━━━ DATA SUPPLIED

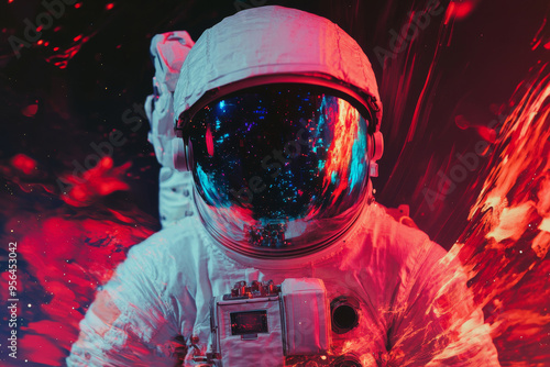 The watermark will not be included on Sticker.: Astronaut wearing helmet against abstract cosmic background - man in spacesuit with neon lighting and
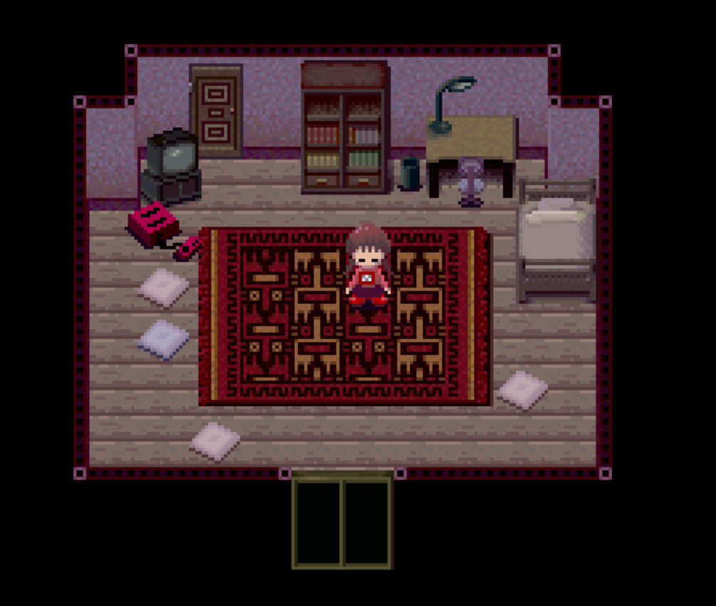 Exploration of Madotsuki’s room reveals little to do beyond playing a simple and repetitive mini game on a retro game console, interacting with a television which displays no channels, or saving progress in a diary. Given the lack of enjoyable options to pass the time, perhaps it is no surprise that going to bed offers an appealing alternative, which is when Madotsuki begins to dream. Each dream begins in Madotsuki’s apartment, which appears similar to its waking world equivalent, aside from one important aspect: Madotsuki is able to leave through the front door.
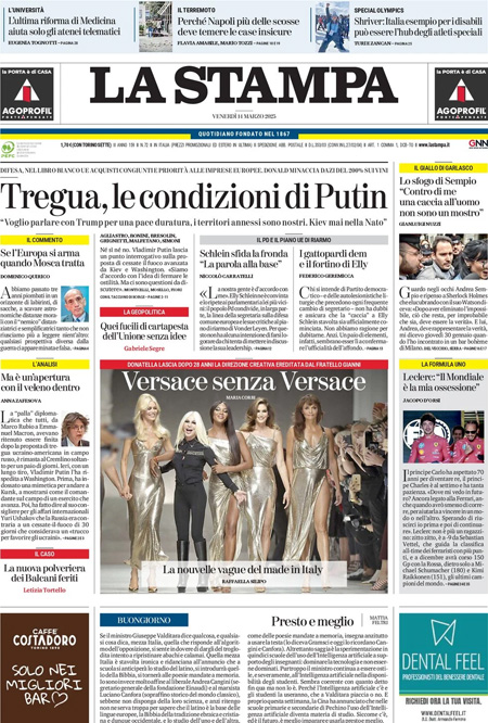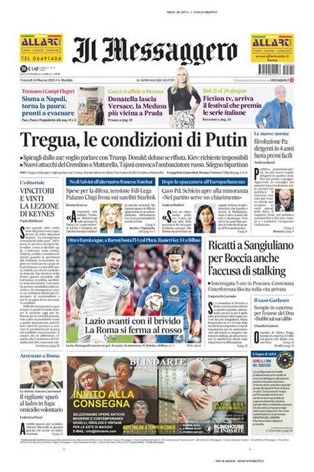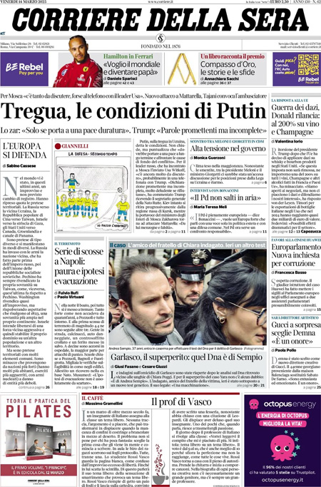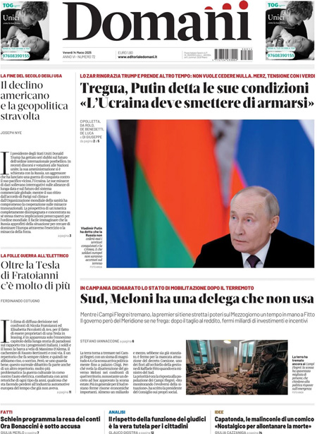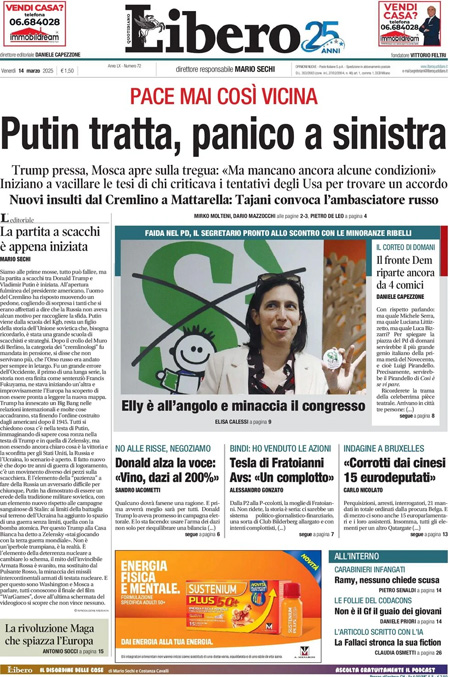 La principale notizia di oggi in apertura sui quotidiani è quella relativa alla risposta del presidente russo Vladimir Putin alla proposta statunitense di una tregua con l’Ucraina. Putin, il quale si è detto di sostenere la proposta, ha affermato però che ci sono ancora degli aspetti che vanno discussi con gli Stati Uniti prima di poterla accettare. “Tregua, le condizioni di Putin”, titola Il Corriere della Sera. “Tregua, Putin alza il prezzo”, è l’apertura di Repubblica. “Putin tratta, panico a sinistra”, è invece la prima pagina di Libero.
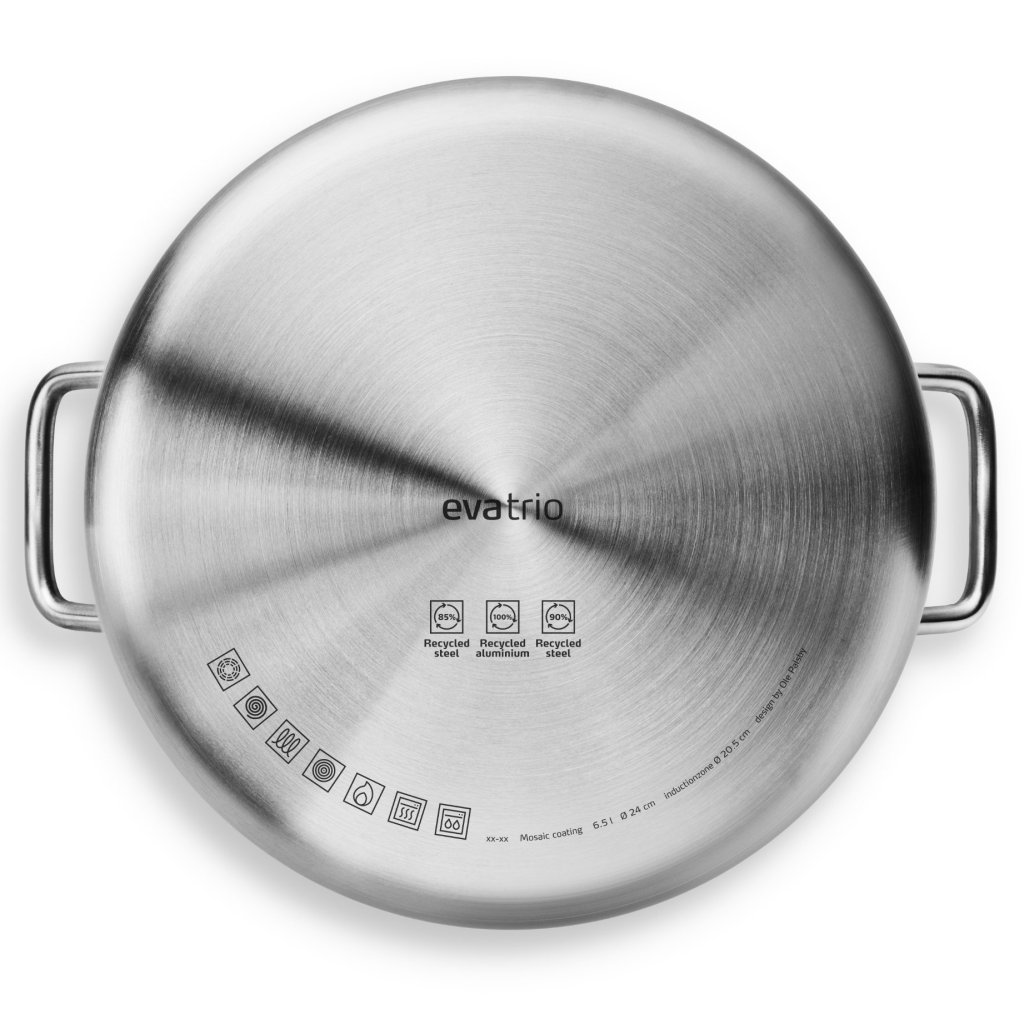 - Ruostumaton teräs kattila suurella 6,5 litran tilavuudella yhdistää perinteisen EVA-designin TRIO innovatiivisiin materiaaleihin, jotka parantavat ruoanlaittoa
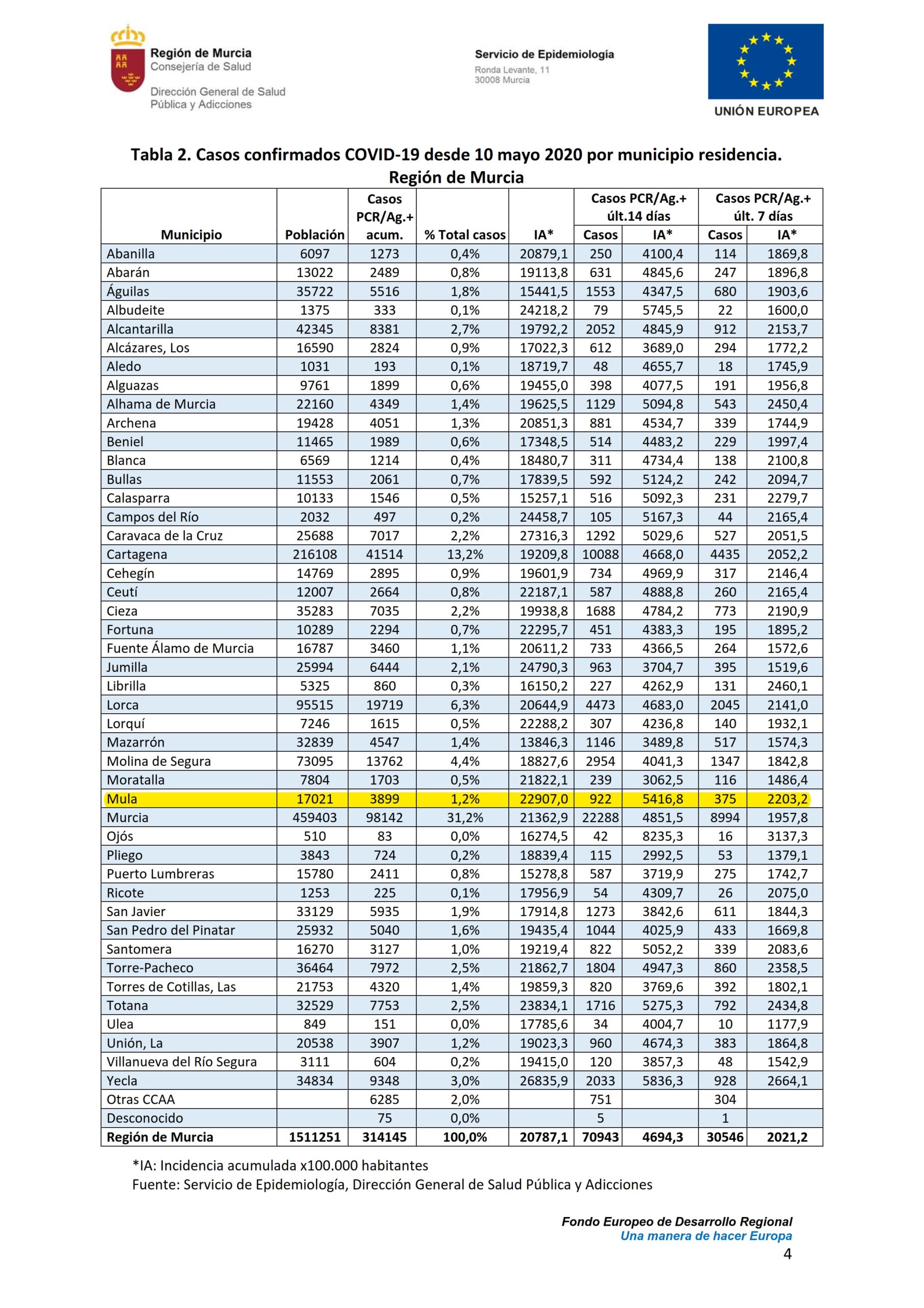 Enlace al Centro de datos COVID-19: https://www.datoscovid.es/pages/murcia#
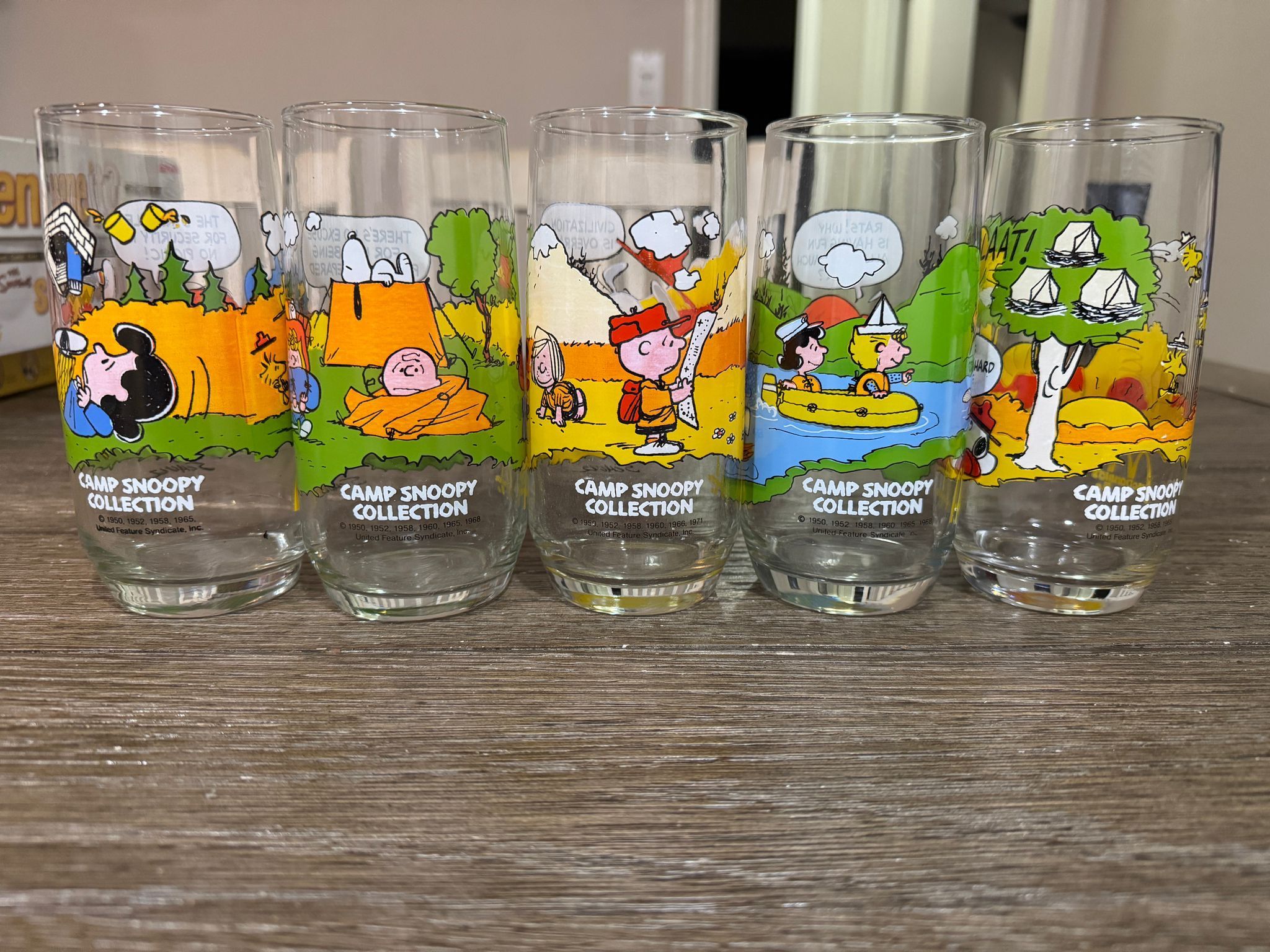 Vintage McDonald's Peanuts Camp Snoopy Glasses Set of 5 1965 Charles Schultz. $75 obo
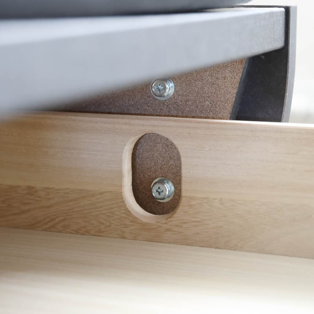 ◆引き出し前板は斜めに角度がついており踵が当たらないようになっております。
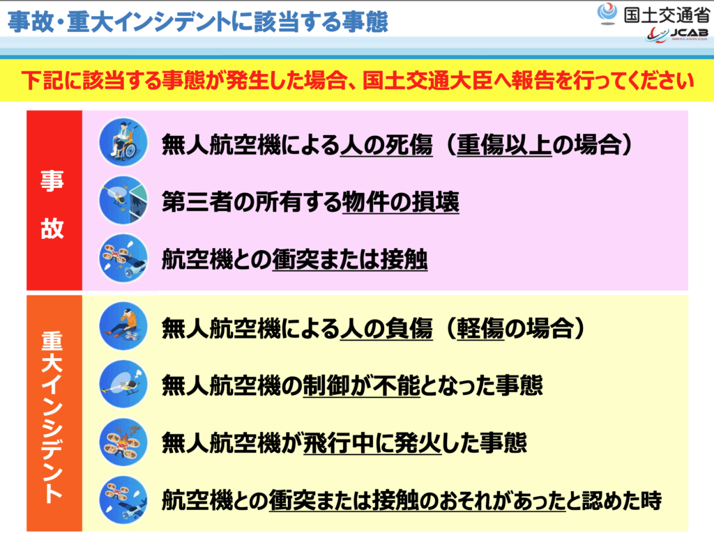 航空法では、ドローンの事故や特定のトラブル(重大インシデント)が発生した場合、操縦者や所有者に国土交通大臣への報告義務が課されています。
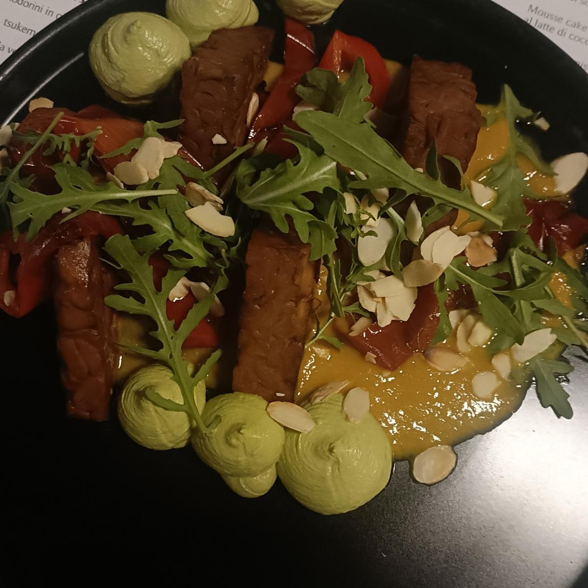 Tempeh marinato con tamari e lime, peperoni cornetto, mandorle in scaglie, rucola e crema di peperone giallo. Molto buono!

━━━━━━

What must be output is the exact run of lines from the one holding "Vintage McDonald's Peanuts" through the end of the entries above, both ends included, minus the pictures.

# [SOLUTION TO THIS EXERCISE]
 Vintage McDonald's Peanuts Camp Snoopy Glasses Set of 5 1965 Charles Schultz. $75 obo
 ◆引き出し前板は斜めに角度がついており踵が当たらないようになっております。
 航空法では、ドローンの事故や特定のトラブル(重大インシデント)が発生した場合、操縦者や所有者に国土交通大臣への報告義務が課されています。
 Tempeh marinato con tamari e lime, peperoni cornetto, mandorle in scaglie, rucola e crema di peperone giallo. Molto buono!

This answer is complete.